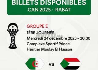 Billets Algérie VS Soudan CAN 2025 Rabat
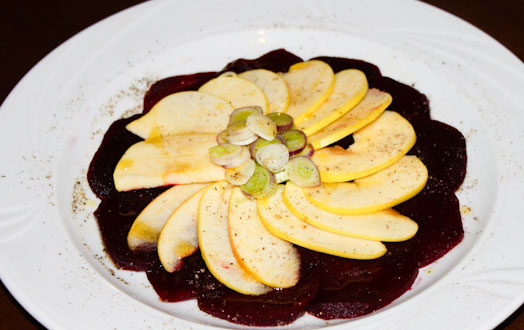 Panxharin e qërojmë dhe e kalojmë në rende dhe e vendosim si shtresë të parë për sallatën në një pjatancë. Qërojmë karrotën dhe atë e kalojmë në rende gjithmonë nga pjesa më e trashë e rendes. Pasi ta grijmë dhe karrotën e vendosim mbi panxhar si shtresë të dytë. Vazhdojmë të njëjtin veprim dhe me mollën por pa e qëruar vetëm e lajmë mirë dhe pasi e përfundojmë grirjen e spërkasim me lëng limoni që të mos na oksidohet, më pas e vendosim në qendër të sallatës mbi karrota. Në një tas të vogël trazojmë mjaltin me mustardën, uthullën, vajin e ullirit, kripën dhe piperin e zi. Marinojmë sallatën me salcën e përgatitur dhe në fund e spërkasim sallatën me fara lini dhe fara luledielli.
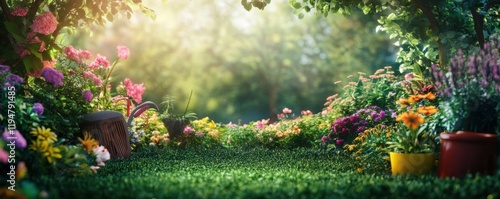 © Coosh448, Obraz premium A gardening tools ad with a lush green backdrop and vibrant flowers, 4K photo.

===

WHAT THE TASK ASKS → The listing above needs to be output again exactly. Don't include the pictures.

ANSWER TO THIS PROBLEM →
 Billets Algérie VS Soudan CAN 2025 Rabat
 Panxharin e qërojmë dhe e kalojmë në rende dhe e vendosim si shtresë të parë për sallatën në një pjatancë. Qërojmë karrotën dhe atë e kalojmë në rende gjithmonë nga pjesa më e trashë e rendes. Pasi ta grijmë dhe karrotën e vendosim mbi panxhar si shtresë të dytë. Vazhdojmë të njëjtin veprim dhe me mollën por pa e qëruar vetëm e lajmë mirë dhe pasi e përfundojmë grirjen e spërkasim me lëng limoni që të mos na oksidohet, më pas e vendosim në qendër të sallatës mbi karrota. Në një tas të vogël trazojmë mjaltin me mustardën, uthullën, vajin e ullirit, kripën dhe piperin e zi. Marinojmë sallatën me salcën e përgatitur dhe në fund e spërkasim sallatën me fara lini dhe fara luledielli.
 © Coosh448, Obraz premium A gardening tools ad with a lush green backdrop and vibrant flowers, 4K photo.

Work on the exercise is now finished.